Java Theory and Practice: building a better HashMap

Last Update:2017-02-27 Source: Internet

Author: User

Developer on Alibaba Coud: Build your first app with APIs, SDKs, and tutorials on the Alibaba Cloud. Read more ＞

Concurrenthashmap is part of Doug Lea's Util.concurrent package, which offers a higher degree of concurrency than Hashtable or synchronizedmap. Also, for most successful get () operations, it tries to avoid a complete lock, and the result is a very good throughput for concurrent applications. This month, Briangoetz carefully analyzed the code of the Concurrenthashmap and explored how Doug Lea achieved such a remarkable result without losing thread safety.

In the July issue of Java Theory and Practice ("Concurrent Collections Classes"), we simply reviewed the bottlenecks in scalability and discussed how to achieve higher concurrency and throughput with shared data structures. Sometimes the best way to learn is to analyze the results of an expert, so this month we will analyze the implementation of CONCURRENTHASHMAP in Doug Lea's Util.concurrent package. JSR 133 will specify a version of Concurrenthashmap that is optimized for the Java memory model (JMM) and will be included in JDK 1.5 's java.util.concurrent package. The version in Util.concurrent has passed thread-safety audits in both the old and new memory models.

Optimized for throughput

Concurrenthashmap uses several techniques to achieve high levels of concurrency and to avoid locking, including using multiple write locks for different hash bucket (buckets) and using jmm uncertainties to minimize the time that locks are maintained-or to avoid acquiring locks at all. It is optimized for most general usages, and these usages tend to retrieve a value that is likely to already exist in the map. In fact, most successful get () operations do not require any locks to run at all. (Warning: Don't try to do this yourself!) To be smarter than JMM is not as easy as it looks. The Util.concurrent class is written by concurrent experts and is subject to rigorous peer review in JMM security. ）

Multiple write locks

We can recall that the main obstacle to the scalability of Hashtable (or alternative collections.synchronizedmap) is that it uses a map range (Map-wide) lock, in order to ensure insertion, The integrity of the delete or retrieve operation must maintain such a lock, and sometimes even to ensure the integrity of the iterative traversal operation. Thus, as long as the lock is maintained, the other threads are fundamentally blocked from accessing the MAP, which limits concurrency even if the processor is idle and inaccessible.

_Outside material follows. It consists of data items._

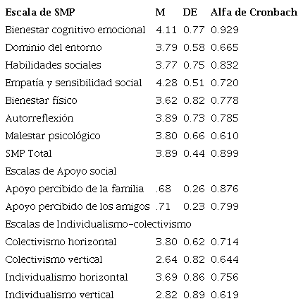 En la tabla 1 se presentan los datos descriptivos para cada factor donde se observa en SMP puntuaciones ligeramente arriba de la media, siendo Bienestar cognitivo emocional y Empatía y sensibilidad social con la media más alta. En Apoyo social percibido también se reportaron resultados arriba de la media teórica y para individualismo-colectivismo, la muestra resulto en promedio más alta que la media teórica en CH, seguida de IH y por debajo de la media en CV e IV (ver Tabla 1).
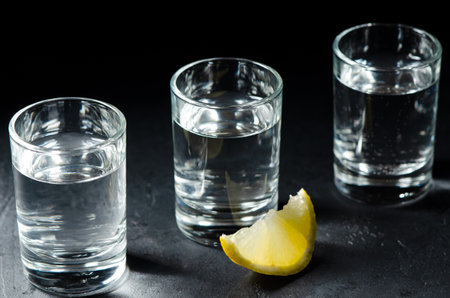 Three glasses of Russian vodka on a black concrete background. Piece of lemon.
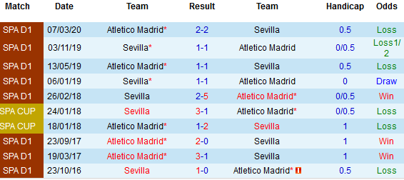 + Lịch sử đối đầu Atletico Madrid vs Sevilla
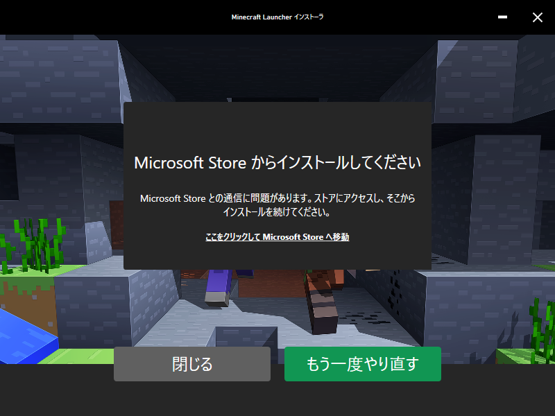 - 「Microsoft Store との通信に問題がある」というエラーとなった。「もう一度やり直す」を選択した
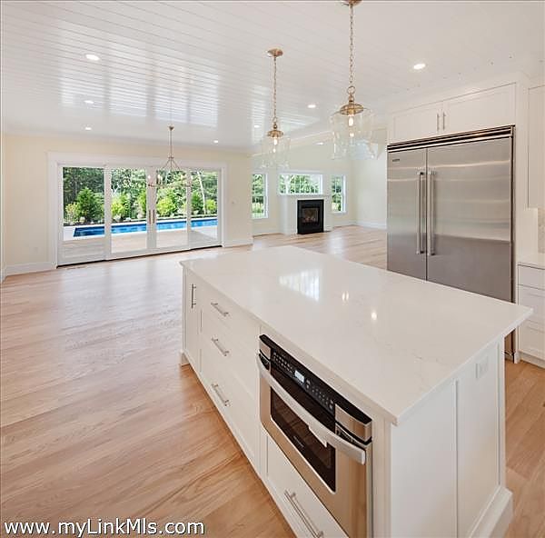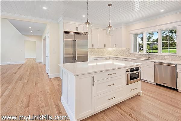 Welcome to this NEWLY CONSTRUCTED gorgeous gambrel home with a POOL that is close to SOUTH BEACH and EDGARTOWN VILLAGE! This home sits upon a flat, beautiful parcel of land with mature trees. The facade of the home presents an inviting covered porch with free standing columns, a granite entry step, mahogany decking and shiplapped ceiling. Attention to architectural detail presents at moment one. The welcoming expansive entry foyer presents your eye with an oversized lounge area to the right and a spectacular great room ahead. The great room offers a soaring cathedral ceiling and a rear wall of two story windows with a gas fireplace that is wrapped with a shiplap surround, very stunning! The great room opens to the dining room which features a wall of sliding glass doors overlooking the outdoor entertaining and pool area. The dining room flows into the large gourmet kitchen which features a kitchen island that can seat four. From the dining and kitchen area there is easy access to the smartly designed mudroom which offers a half bath, large pantry, and laundry area. Off the mudroom area is a large outdoor shower with quick access to the heated saltwater pool. The plot offers five bedrooms, four of which are being built. The first floor hosts the primary bedroom with a luxurious bathroom featuring a soaking tub, oversized tile and glass shower, a two sink vanity and a private toilet area. Three custom built closets are found in this primary bedroom en-suite offering plenty of storage, a closet for linens, a closet for accessories and an oversized walk-in closet. The second floor offers three guest rooms and two large luxurious bathrooms, one with a soaking tub, both with glamorous showers. The exterior of the home, with its mature trees, cobblestone and pea stone driveway show off the homes architecture and is framed by its landscape. In the rear yard you experience privacy in the 14 x 30 ft. salt water heated pool that is surrounded by bluestone and professional landscaping. From the dining area, the mudroom and first floor primary bedroom you can access the rear yard onto a custom built deck, all overlooking the private pool area. A very wise and welcoming design! The plot can support a future garage and guest house. The home is currently under construction, to be completed by March 1st of 2026. Photo’s are of a similar home that was built.
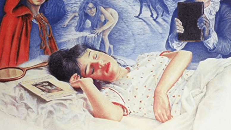 Grandma makes a pretty red cloak for Rosaleen before she goes back home to her parents. Rosaleen and the boy go for a walk in the woods. They soon… stray from the path. The boy runs back to town, but Rosaleen is out there with the wolves. She returns unscathed, but has a weird baby doll in her hand that hatched from an egg.
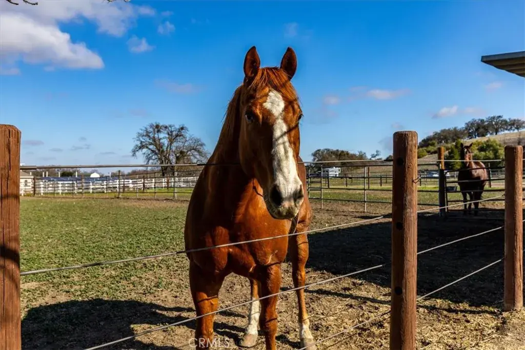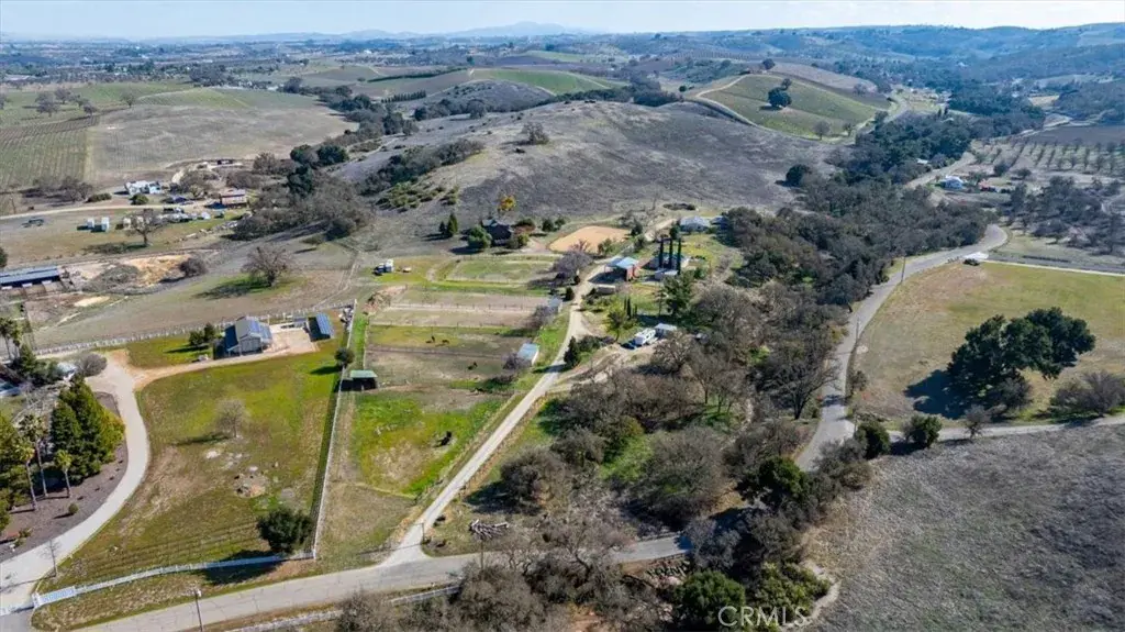 This nearly 16-acre piece of paradise offers endless possibilities for development, thanks to its desirable terrain featuring plenty of flat, usable areas. It’s perfect for you and your extended family to create your own family compound. Conveniently located just off the beautiful wine trail on El Pomar, the property is surrounded by stunning vineyards and is only minutes away from both Templeton and Paso Robles. The property includes a stunning 2,360 sq ft log home, completed in 2023, featuring three bedrooms, three bathrooms, and a beautiful office. The exterior was just pressure washed, re-caulked, stained, sealed and painted the exterior siding, porches, balcony, and patio. A second original 1,300 sq ft home built in 1980, currently used as a duplex. Additional amenities include two RVs with full hookups, a dump station, a modified 6-stall Port-a-Stall barn with runs, a 2-stall barn with turnouts, a 1,200 sq ft shop/hay barn with a concrete floor, a 150′ x 100′ arena, solar systems and 7 pastures—6 of which have shelters. There’s also a storage container for added convenience.
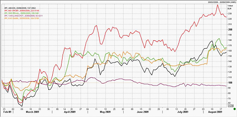 Kijken we echter naar de laatste 6 maanden, dan is het beeld compleet anders. Uit de grafiek is op te maken dat de koersen fors zijn hersteld. Alleen van Lanschot weet geen plus te realiseren.
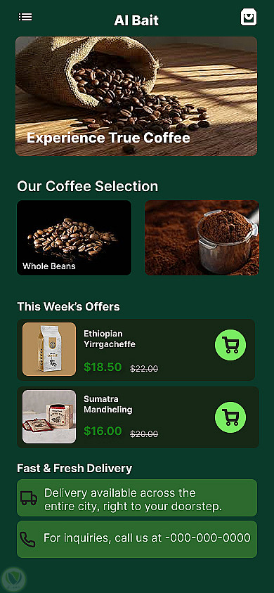 قمت بتصميم واجهة مستخدم لتطبيق محل متخصص في بيع القهوة تحت اسم "ال بيت". طلب العميل استخدام اللونين الأخضر والأسود في التصميم لتعزيز هوية العلامة التجارية وإبراز الطابع الفاخر والهادئ. شمل العمل تصميم شاشات متعددة مثل الصفحة الرئيسية، قائمة المنتجات، تفاصيل المنتج، وعربة الشراء، مع الحرص على تحقيق تجربة مستخدم بسيطة وسلسة. تم تنفيذ التصميم باستخدام Figma مع التركيز على التنظيم البصري وتناسق العناصر بما يتناسب مع ذوق العميل واحتياجات المستخدم النهائي
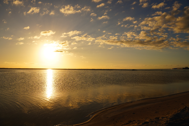 在這樣的瞎鬧中,天色逐漸轉為橙黃,日輪朝著遠方堤岸落降,也招喚湖中的雙生伴侶與它合而為一。雲朵亦於兩個界域鏡像散抹,似放肆燒燃後的滾滾墨煙。
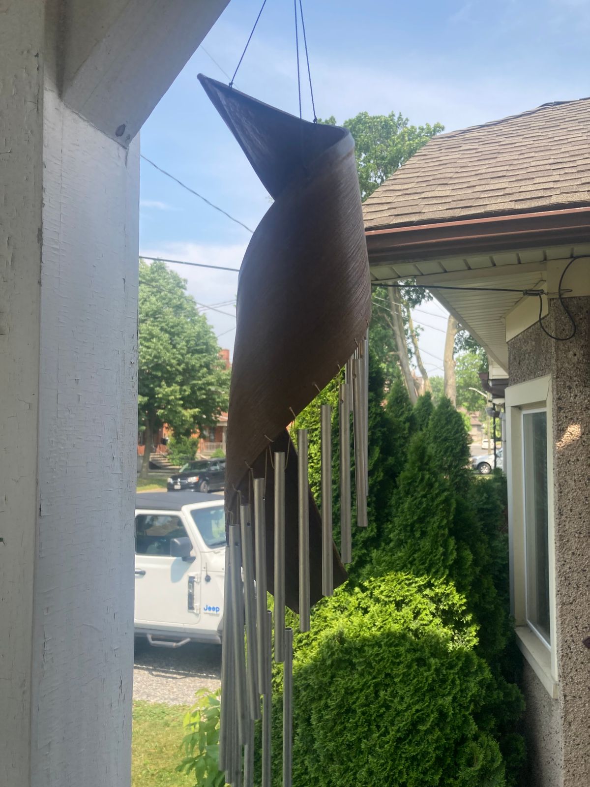 Balinese artisan Trisna Dewi designs this charming handmade wind chime using a part of the coconut tree called 'kloping' or calyx. Kloping is brown in color and protects the coconut flower and fruit like a shell, and it's common for traditional Balinese artists to use this part of the tree in their crafts. The whimsical piece of kloping creates a slender, minimalist curve, and the hand-tuned aluminum pipes send serene notes through the air whenever the wind blows. This would make a lovely accent inside the home, and if used outside the calming sounds will brighten any atmosphere.
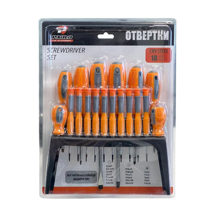 Комплект 18 броя отвертки със стойка.
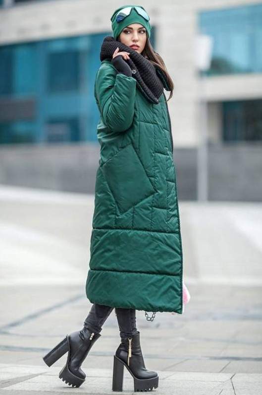 Пуховик изумрудного цвета.
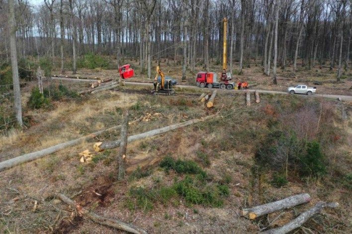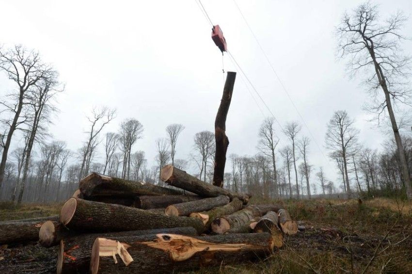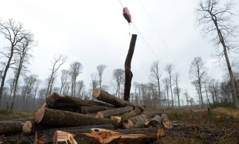 يرفع مزارعون جذوع أشجار البلوط في غابات فرنسا التي يزيد عمرها على 200 عام باستخدام حصيرة من الكابلات، ممتدة عند قمم الأشجار، في فوريه دي بيرس، وفي ماريني ليلي، شمال غرب فرنسا.

Concurrenthashmap rejects a single map-wide lock and replaces it with a collection of 32 locks, each of which is responsible for protecting a subset of the hash bucket. Locks are used primarily by variable operations (put () and remove ()). Having 32 separate locks means that up to 32 threads can modify the map at the same time. This does not necessarily mean that the number of threads that write the map concurrently is less than 32 o'clock, and that the other writes will not be blocked ――32 is a theoretical number of concurrent restrictions for write threads, but may not actually be able to achieve this value. However, the 32 is still much better than 1 and is sufficient for most applications running on the computer system of the current generation. & #160

Map-scoped operations

There are 32 separate locks, each of which protects a subset of the hash bucket, so that all 32 locks must be obtained for exclusive access to the map. Some map-scoped operations, such as size () and IsEmpty (), may be able to not lock the entire map at once (by appropriately qualifying the semantics of these operations), but some operations, such as map rearrangement (enlarging the number of hash bucket, redistribution elements as the map grows), Exclusive access must be guaranteed. The Java language does not provide an easy way to get a variable size lock collection. It is very rare to do so, and when this happens, recursive methods can be used to achieve it.

JMM Overview

Before entering the implementation of put (), get () and remove (), let's take a quick look at JMM. JMM governs how a thread's action (read and write) on memory affects the way other threads Act on memory. The Java Language Specification (JLS) allows some memory operations to be immediately visible to all other threads because of the increased performance of memory access by using processor registers and preprocessing cache. There are two language mechanisms that can be used to ensure consistency ――synchronized and volatile across thread memory operations.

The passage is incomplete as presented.